Work to be completed: An exact reproduction of all the data is needed, with no images in it.

Source data:
--- START ---

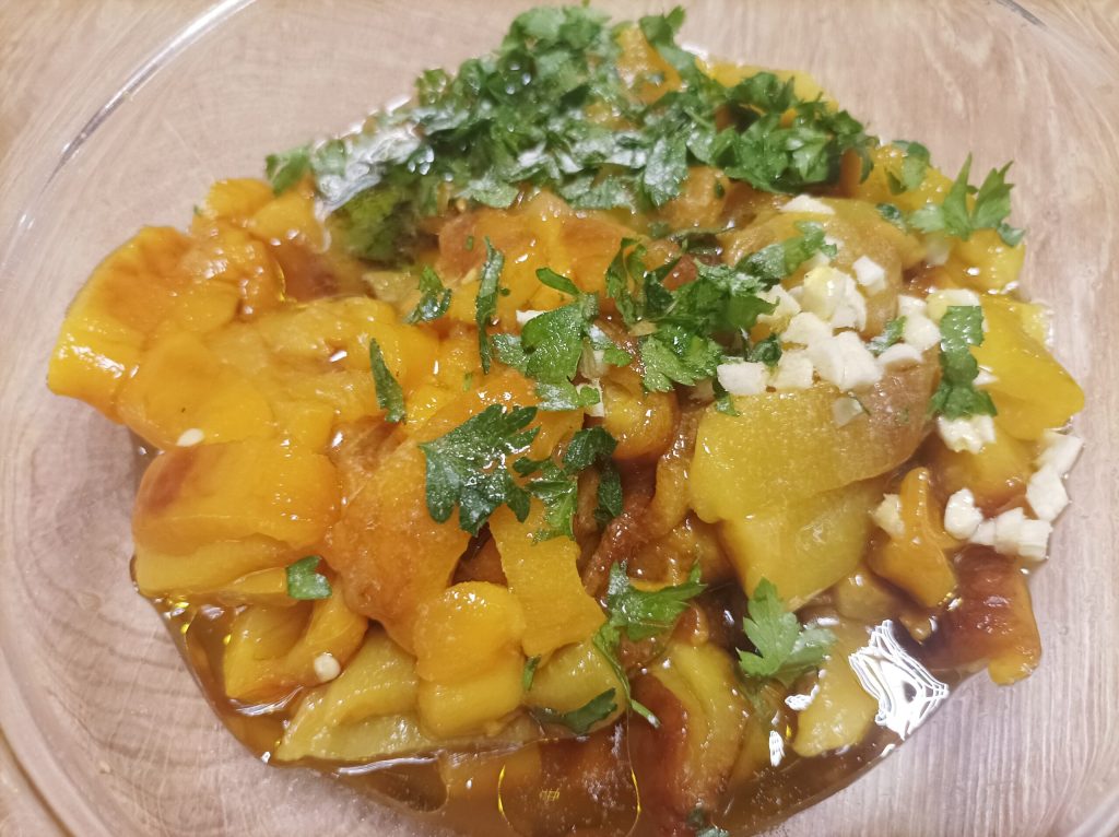 Snijd ze in reepjes, plaats ze in een container en breng op smaak met olie, zout, gesneden knoflook, gehakte peterselie en kappertjes.
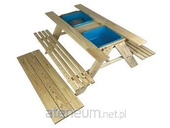 Drewniany zestaw ogrodowy zawierający stolik + 2 ławeczki. Zdejmowany częściowo blat w stoliku, dwie piaskownice (pojemniki) na piasek i wodę wewnątrz stołu. Dwa kg. atestowanego piasku gratis!
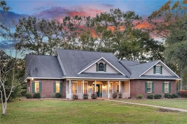 Nestled on over two acres in the tranquil rolling hills of Stone Lake Estates in Folsom, LA, this impeccably maintained brick home offers the perfect blend of charm and functionality. Gorgeous hardwood floors, high ceilings, and a cozy gas fireplace create an inviting atmosphere you'll love coming home to. The kitchen is a bright and spacious haven for entertaining, featuring granite countertops, stainless steel appliances, ample cabinetry, and a generous eat-in island. With four bedrooms, three full bathrooms, and a half bath, the layout is thoughtfully designed for comfort and privacy. Two guest bedrooms boast en suite bathrooms, making them ideal for family or visitors. The expansive primary suite includes a large bathroom with a jetted tub, walk-in shower, dual vanities, a water closet, and an additional closet for extra storage. Step out onto the expansive deck to savor peaceful mornings or relaxing evenings, surrounded by the natural beauty of your private retreat. Additional features include a two-car garage, a storage shed, and a charming front porch perfect for unwinding. Plus, the roof was replaced in 2020, offering added peace of mind.
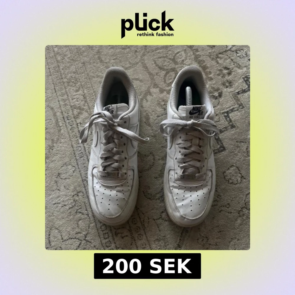 Klassiska Nike Air Force 1 sneakers i helvitt skinn med perforerad tå, rund tå och platt sula. Skorna har snörning och den ikoniska Nike-loggan på sidan och hälen. Perfekt för dig som gillar en clean och tidlös streetstil. Som nya kostar d runt 1000kr så d är ett rätt så bra pris!!

--- END ---

Exercise answer:
 Snijd ze in reepjes, plaats ze in een container en breng op smaak met olie, zout, gesneden knoflook, gehakte peterselie en kappertjes.
 Drewniany zestaw ogrodowy zawierający stolik + 2 ławeczki. Zdejmowany częściowo blat w stoliku, dwie piaskownice (pojemniki) na piasek i wodę wewnątrz stołu. Dwa kg. atestowanego piasku gratis!
 Nestled on over two acres in the tranquil rolling hills of Stone Lake Estates in Folsom, LA, this impeccably maintained brick home offers the perfect blend of charm and functionality. Gorgeous hardwood floors, high ceilings, and a cozy gas fireplace create an inviting atmosphere you'll love coming home to. The kitchen is a bright and spacious haven for entertaining, featuring granite countertops, stainless steel appliances, ample cabinetry, and a generous eat-in island. With four bedrooms, three full bathrooms, and a half bath, the layout is thoughtfully designed for comfort and privacy. Two guest bedrooms boast en suite bathrooms, making them ideal for family or visitors. The expansive primary suite includes a large bathroom with a jetted tub, walk-in shower, dual vanities, a water closet, and an additional closet for extra storage. Step out onto the expansive deck to savor peaceful mornings or relaxing evenings, surrounded by the natural beauty of your private retreat. Additional features include a two-car garage, a storage shed, and a charming front porch perfect for unwinding. Plus, the roof was replaced in 2020, offering added peace of mind.
 Klassiska Nike Air Force 1 sneakers i helvitt skinn med perforerad tå, rund tå och platt sula. Skorna har snörning och den ikoniska Nike-loggan på sidan och hälen. Perfekt för dig som gillar en clean och tidlös streetstil. Som nya kostar d runt 1000kr så d är ett rätt så bra pris!!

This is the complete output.